Patents don't require working devices.
Posted Apr 27, 2011 21:08 UTC (Wed) by ccurtis
Parent article: 1+1 (pat. pending) - Mathematics, Software and Free Speech (Groklaw)
I have to admit I stopped short of completing this rather lengthy tome, having made it to this part:
"Where is the requirement that the disclosure in a patent specification has been tested? Where is the requirement that the invention has been implemented? I don't find this in Quinn's explanation. [...]
"I have to ask, is this kind of disclosure sufficient to meet the societal bargain of a grant of temporary monopoly rights in exchange for disclosure? I don't see any requirements that the invention is implemented let alone tested. How could this disclosure be deemed sufficient? We are not even sure there is a working invention."

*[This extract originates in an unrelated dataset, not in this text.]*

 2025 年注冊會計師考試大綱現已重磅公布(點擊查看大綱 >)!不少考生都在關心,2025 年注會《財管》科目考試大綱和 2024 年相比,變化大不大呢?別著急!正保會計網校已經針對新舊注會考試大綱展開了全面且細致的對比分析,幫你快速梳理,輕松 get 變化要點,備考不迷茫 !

Part of the trade in expressing a patentable idea is just that -- to release the idea. The reason a feasible idea is sufficient instead of also a working device is so that the patent holder is granted time to either work out the details, or to protect themselves while shopping the idea out to someone they believe can bring the device to market. For evidence of that one only needs to look at the numerous patents for perpetual motion machines that have been granted (see this wikipedia article for examples).
Whether the author is hinging the remainder of the text on this argument, or is arguing that the patent system needs this fundamental level a reform, case law will not help; this action has to come from the legislature. It is likely also to be bound in all sorts of international WIPO and Free Trade style treaties preventing a relaxing of the standard as well.

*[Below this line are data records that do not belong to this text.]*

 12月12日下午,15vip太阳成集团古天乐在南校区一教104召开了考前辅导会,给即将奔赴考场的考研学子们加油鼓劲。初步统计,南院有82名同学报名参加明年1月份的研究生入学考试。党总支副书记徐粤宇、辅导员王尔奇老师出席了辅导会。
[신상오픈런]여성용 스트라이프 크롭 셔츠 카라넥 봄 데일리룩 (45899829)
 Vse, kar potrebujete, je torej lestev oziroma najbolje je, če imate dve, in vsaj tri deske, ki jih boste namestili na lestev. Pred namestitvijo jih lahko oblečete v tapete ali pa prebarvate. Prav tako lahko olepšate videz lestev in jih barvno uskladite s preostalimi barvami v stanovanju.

I would want to argue that in a world where everything is faster - where an idea can cross a continent and be fabricated in less time than a rider on horseback can traverse a state - that there's been a fundamental shift in the time value of the idea versus the potential societal benefit. But to counter this I could point to pharma and the mandatory FDA approval process, where the original time value balance has actually worsened (getting approval versus crossing a continent or ocean). To this end, the extended protection period may be justifiable; however, this argument would simply lead to slowing progress via additional government regulation of software through some now-fictitious "Software Security Board" instead of increasing the rate and the freedom of the information. :-(
All that aside, I wish the author well.